On Thu, 2010-10-21 at 10:31 +0800, Don Zickus wrote:
> On Thu, Oct 21, 2010 at 09:14:03AM +0800, Huang Ying wrote:
> > > > DIE_NMI_IPI case. I think the code added is for general unknown NMI
> > > > processing instead of a device driver. What we do is not to add special
> > > > processing for some devices, but treat unknown NMI as hardware error
> > > > notification in general and use a white list to deal with broken
> > > > hardware and stone age machine. Do you agree?
> > > > 
> > > > If so, it should not be turned into a notifier block unless you want to
> > > > turn all general unknown NMI processing code into a notifier block.
> > > 
> > > Well, yes I actually do, mainly to keep the code simpler.  But also, after
> > > having a conversation with someone yesterday, realized that unknown NMIs
> > > are dealt with on a platform level and not a chipset level.
> > 
> > But there is some general rules for unknown NMI. We think unknown NMI is
> > hardware error notification on all systems except systems with broken
> > hardware or software bugs, stone age machines. Do you agree with that?
> 
> Nope.  In my experiences, most of our customers are still running
> pre-Nehalem boxes, therefore most unknown NMIs are from broken hardware or
> bad firmware (at least in the bugzillas I deal with).

It seems that we have different point of view for reason of unknown NMI.
Should broken hardware be seen as hardware error?

As far as I know, Windows treat unknown NMI as hardware errors. Although
we are programming for Linux not Windows. Many hardware are built for
Windows.

> I would be excited if I was getting some sort of hardware error
> notification, because then I would know where the NMI might be coming
> from.  Instead, I have customers pull out cards out of their machine or
> instrument their kernel to see which device is causing the problem.  Slow
> and painful.

Hope new machine will have better hardware error reporting. :)
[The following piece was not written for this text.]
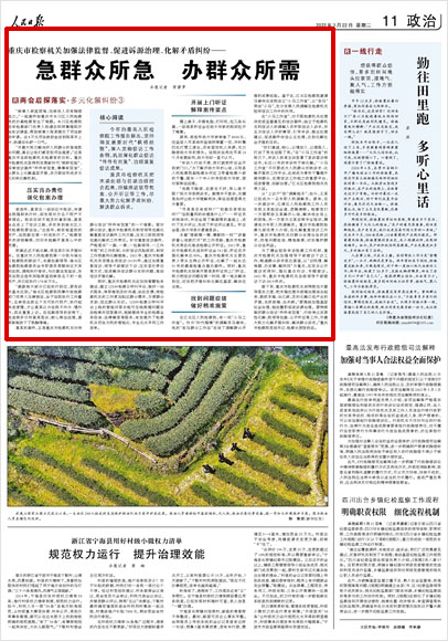 “盡最大努力解決好人民群眾的急難愁盼問題,真正讓他們感受到司法溫度!边@是重慶市各級檢察機關(guān)檢察官的目標。重慶市檢察機關(guān)堅持和發(fā)展新時代“楓橋經(jīng)驗”,探索信訪案件“件件有回復(fù),事事有回音”,從源頭上化解基層矛盾,多方聯(lián)動形成多元化糾紛化解機制。
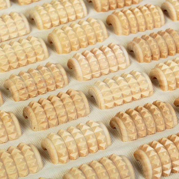 Роликовый массажёр разомнёт и разогреет мышцы, улучшит кровообращение и приведёт кожу в тонус. Дерево приятно касается тела, а инструмент удобно лежит в руке и прослужит вам очень долго.

> > > The reason I say that is some companies, like HP, have a special driver
> > > hpwdt that they want to run in the case of an unknown NMI.  They don't
> > > care about HEST or the other stuff, they want their BIOS call to take care
> > > of it.  So now that hack has to be put into notifier somewhere.
> > 
> > Yes. I found that during NMI handler development. It sits in a notifier
> > chain and in a driver. hpwdt uses unknown NMI for watchdog timeout
> > notification, it is a platform feature and should be implemented in a
> 
> Actually no it doesn't, the name HP watchdog is deceiving.  The intent HP
> has with that handler is any unknown NMI needs to be trapped by that
> driver so it can do an SMI call, which tries to source the NMI and save
> its result in NVRAM.  Then it jumps back to the kernel for a reboot.
> 
> I have been dealing with HP for 3 years with that driver, I have gotten
> quite familiar with the NMI part of it. :-)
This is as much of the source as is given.